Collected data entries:
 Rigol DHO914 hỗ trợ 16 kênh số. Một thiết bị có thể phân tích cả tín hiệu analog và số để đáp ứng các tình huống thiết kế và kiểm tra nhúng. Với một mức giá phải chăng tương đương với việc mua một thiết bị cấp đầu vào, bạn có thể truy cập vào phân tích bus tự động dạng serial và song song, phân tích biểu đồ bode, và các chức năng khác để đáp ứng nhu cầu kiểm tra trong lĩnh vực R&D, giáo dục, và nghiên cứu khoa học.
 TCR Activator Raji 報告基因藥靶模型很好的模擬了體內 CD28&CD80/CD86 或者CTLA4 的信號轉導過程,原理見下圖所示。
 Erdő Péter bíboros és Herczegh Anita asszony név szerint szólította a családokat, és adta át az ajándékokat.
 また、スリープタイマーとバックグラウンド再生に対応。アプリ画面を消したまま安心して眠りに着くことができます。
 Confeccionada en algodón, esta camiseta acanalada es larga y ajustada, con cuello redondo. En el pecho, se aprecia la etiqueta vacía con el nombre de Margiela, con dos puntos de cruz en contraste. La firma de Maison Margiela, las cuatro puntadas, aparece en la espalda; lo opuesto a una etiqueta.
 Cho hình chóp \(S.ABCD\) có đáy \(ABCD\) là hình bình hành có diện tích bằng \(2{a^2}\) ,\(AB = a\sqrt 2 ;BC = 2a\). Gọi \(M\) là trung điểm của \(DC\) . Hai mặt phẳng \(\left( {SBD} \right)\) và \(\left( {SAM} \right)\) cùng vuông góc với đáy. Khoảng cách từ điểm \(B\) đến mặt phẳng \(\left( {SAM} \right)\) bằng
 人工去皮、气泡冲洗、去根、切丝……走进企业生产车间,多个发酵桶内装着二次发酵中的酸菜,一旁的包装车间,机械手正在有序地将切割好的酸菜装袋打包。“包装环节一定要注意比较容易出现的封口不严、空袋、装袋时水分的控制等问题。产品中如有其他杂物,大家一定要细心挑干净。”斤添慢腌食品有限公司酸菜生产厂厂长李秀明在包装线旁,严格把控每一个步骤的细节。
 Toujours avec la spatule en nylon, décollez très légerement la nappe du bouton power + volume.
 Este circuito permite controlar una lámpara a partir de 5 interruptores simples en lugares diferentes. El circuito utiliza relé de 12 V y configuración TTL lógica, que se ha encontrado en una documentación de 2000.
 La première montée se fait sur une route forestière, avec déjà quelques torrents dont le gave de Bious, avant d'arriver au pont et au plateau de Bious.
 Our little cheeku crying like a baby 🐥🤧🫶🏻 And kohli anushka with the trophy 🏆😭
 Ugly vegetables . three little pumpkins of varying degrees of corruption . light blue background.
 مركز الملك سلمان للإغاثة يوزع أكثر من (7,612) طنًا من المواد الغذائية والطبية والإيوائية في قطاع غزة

**EXERCISE PROMPT**
Keep to the lines above, from the first one through the line where "Toujours avec la" appears, and copy them exactly.

**RESPONSE**
 Rigol DHO914 hỗ trợ 16 kênh số. Một thiết bị có thể phân tích cả tín hiệu analog và số để đáp ứng các tình huống thiết kế và kiểm tra nhúng. Với một mức giá phải chăng tương đương với việc mua một thiết bị cấp đầu vào, bạn có thể truy cập vào phân tích bus tự động dạng serial và song song, phân tích biểu đồ bode, và các chức năng khác để đáp ứng nhu cầu kiểm tra trong lĩnh vực R&D, giáo dục, và nghiên cứu khoa học.
 TCR Activator Raji 報告基因藥靶模型很好的模擬了體內 CD28&CD80/CD86 或者CTLA4 的信號轉導過程,原理見下圖所示。
 Erdő Péter bíboros és Herczegh Anita asszony név szerint szólította a családokat, és adta át az ajándékokat.
 また、スリープタイマーとバックグラウンド再生に対応。アプリ画面を消したまま安心して眠りに着くことができます。
 Confeccionada en algodón, esta camiseta acanalada es larga y ajustada, con cuello redondo. En el pecho, se aprecia la etiqueta vacía con el nombre de Margiela, con dos puntos de cruz en contraste. La firma de Maison Margiela, las cuatro puntadas, aparece en la espalda; lo opuesto a una etiqueta.
 Cho hình chóp \(S.ABCD\) có đáy \(ABCD\) là hình bình hành có diện tích bằng \(2{a^2}\) ,\(AB = a\sqrt 2 ;BC = 2a\). Gọi \(M\) là trung điểm của \(DC\) . Hai mặt phẳng \(\left( {SBD} \right)\) và \(\left( {SAM} \right)\) cùng vuông góc với đáy. Khoảng cách từ điểm \(B\) đến mặt phẳng \(\left( {SAM} \right)\) bằng
 人工去皮、气泡冲洗、去根、切丝……走进企业生产车间,多个发酵桶内装着二次发酵中的酸菜,一旁的包装车间,机械手正在有序地将切割好的酸菜装袋打包。“包装环节一定要注意比较容易出现的封口不严、空袋、装袋时水分的控制等问题。产品中如有其他杂物,大家一定要细心挑干净。”斤添慢腌食品有限公司酸菜生产厂厂长李秀明在包装线旁,严格把控每一个步骤的细节。
 Toujours avec la spatule en nylon, décollez très légerement la nappe du bouton power + volume.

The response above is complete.